\(C(WO,\infty)\):  Every well orderable set of non-empty sets has a choice function. Moore, G. [1982], p 325.

\(DC(\omega)\) (DC), Principle of Dependent Choices: If \(S\)  is  a relation on a non-empty set \(A\) and \((\forall x\in A) (\exists y\in A)(x S y)\)  then there is a sequence \(a(0), a(1), a(2), \ldots\) of elements of \(A\) such that \((\forall n\in\omega)(a(n)\mathrel S a(n+1))\).  See Tarski [1948], p 96, Levy [1964], p. 136.

\(C(WO,WO)\):  Every well ordered family of non-empty, well orderable sets has a choice function.

\(DC(\aleph _{1})\):  Given a relation \(R\) such that for every  subset \(Y\) of a set \(X\) with \(|Y| < \aleph_{1}\) there is an \(x \in  X\)  with \(Y \mathrel R x\), then there is a function \(f: \aleph_{1} \rightarrow  X\) such that \((\forall\beta < \aleph_{1}) (\{f(\gamma ): \gamma < b \} \mathrel R f(\beta))\).

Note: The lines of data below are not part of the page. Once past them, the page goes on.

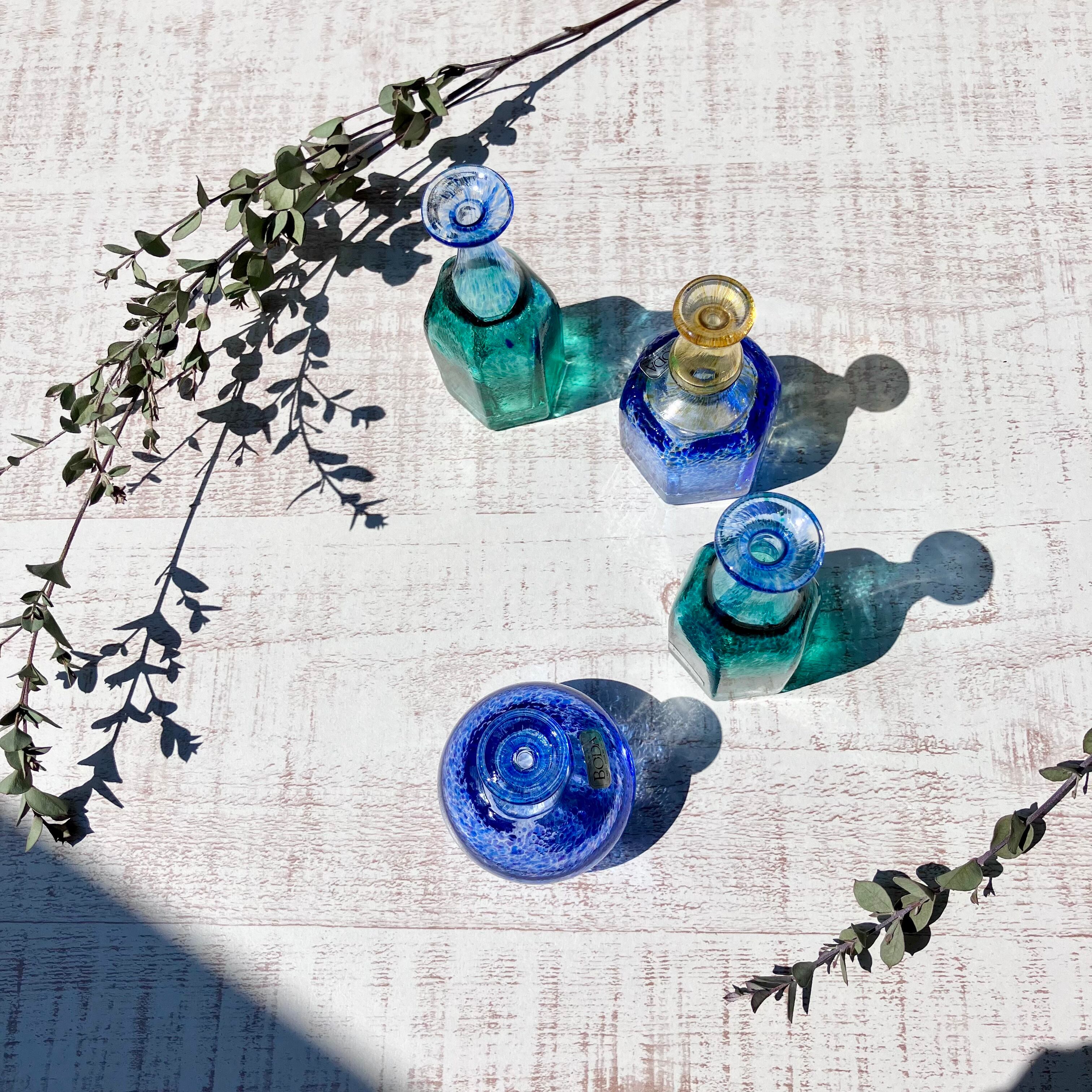 イエロー×ブルーのガラスの小瓶/バーティルヴァリーン/小瓶/ヴィンテージガラス
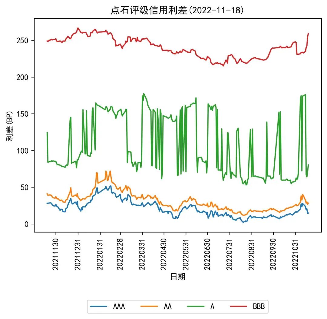 **点石评级信用利差:根据点石的评级对债券进行分类,计算与国开债收益率曲线的利差。
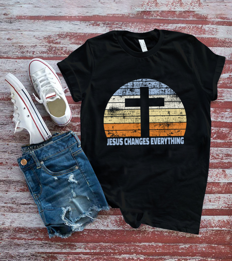 The Faith Cross Jesus Changes Everything Vintage Christian Retro Sunset Shirt offers a regular fit. Made from 100% ring-spun cotton that is pre-shrunk to help maintain size and shape after washing. Features reinforced construction details for durability. Available in U.S. standard sizes S-5XL to accommodate various body types.
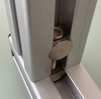 Aplicación: Utilizado para fijar placas, ángulos o paneles de la serie 45. El tornillo en T ingresa desde cualquier punto a la ranura del perfil y gira solo 90°.

\(MC(\infty,\infty)\) \((MC)\), The Axiom of Multiple Choice: For every set \(M\) of non-empty sets there is a function \(f\) such that \((\forall x\in M)(\emptyset\neq f(x)\subseteq x\) and \(f(x)\) is finite).

\(PW\):  The power set of a well ordered set can be well ordered.

\(D_{\aleph_{0}}\): Every non-well-orderable set is the union of a pairwise disjoint, well orderable family of denumerable sets.  (See note 27 for \(D_{\kappa}\), \(\kappa\) a well ordered cardinal.)

Every non-well-orderable set has an infinite, Dedekind finite subset.